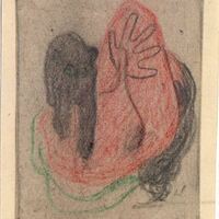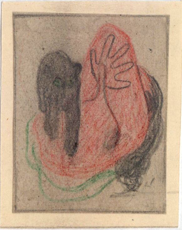 Varias manchas de color rojo y negro y líneas verdes se unen para formar este dibujo sin la presencia de formas definidas a excepción de una mano con silueta negra sobre la mancha roja. El dibujo está enmarcado y su fondo es algo oscuro. Muy sutilmente se puede vislumbrar el boceto de la firma del pintor hacia la izquierda inferior.Boceto realizado para la ilustración de la revistga semanal Novelas y Cuentos. Titulo: Autor: Nº publicado: Fecha: Tomo NC.:
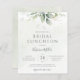 Belo convite para o almoço de noiva com aquarela eucalipto e folhas de ouro.
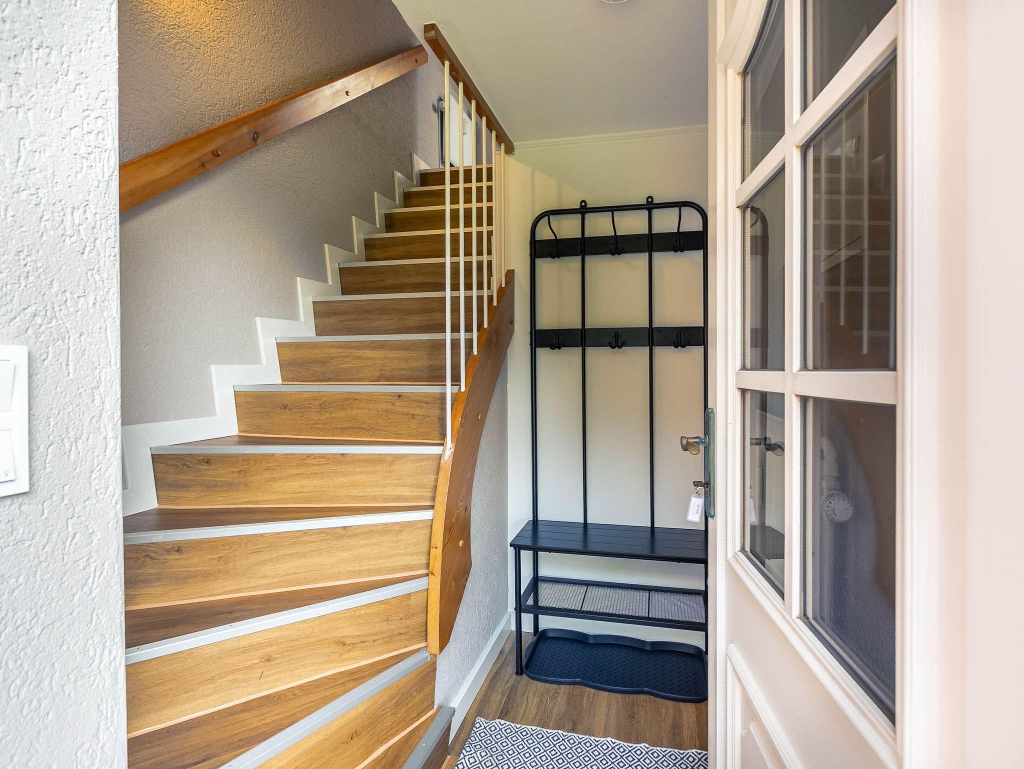 Der Flur mit Garderobe und Schuhbank befindet sich im Eingangsbereich im EG.
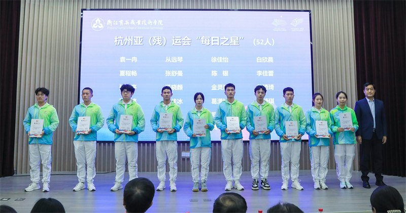 副校长徐晓斌为杭州亚(残)运会“优秀志愿者”颁发证书。
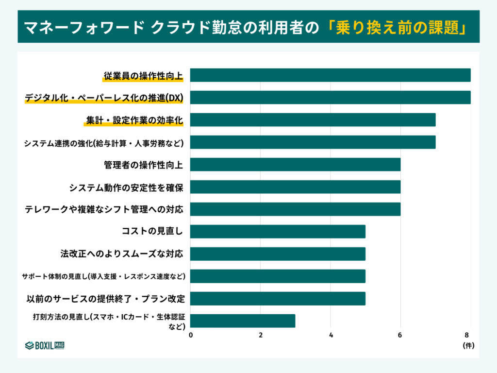 マネーフォワード クラウド勤怠の利用者に多かった「乗り換え前の課題」
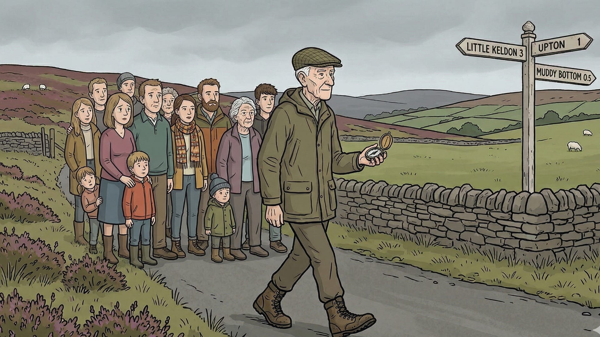 The doctor said he needed exercise. He said walking was good for the heart. Someone bought him a pair of proper walking boots and off he went down the road with the quiet satisfaction of a family that’s doing the right thing.

····················

Work instruction >>
Output an exact copy of the lines from the one with "Der Flur mit" through the closing line of the records, inclusive, without any images.

Result for this task >>
 Der Flur mit Garderobe und Schuhbank befindet sich im Eingangsbereich im EG.
 副校长徐晓斌为杭州亚(残)运会“优秀志愿者”颁发证书。
 マネーフォワード クラウド勤怠の利用者に多かった「乗り換え前の課題」
 The doctor said he needed exercise. He said walking was good for the heart. Someone bought him a pair of proper walking boots and off he went down the road with the quiet satisfaction of a family that’s doing the right thing.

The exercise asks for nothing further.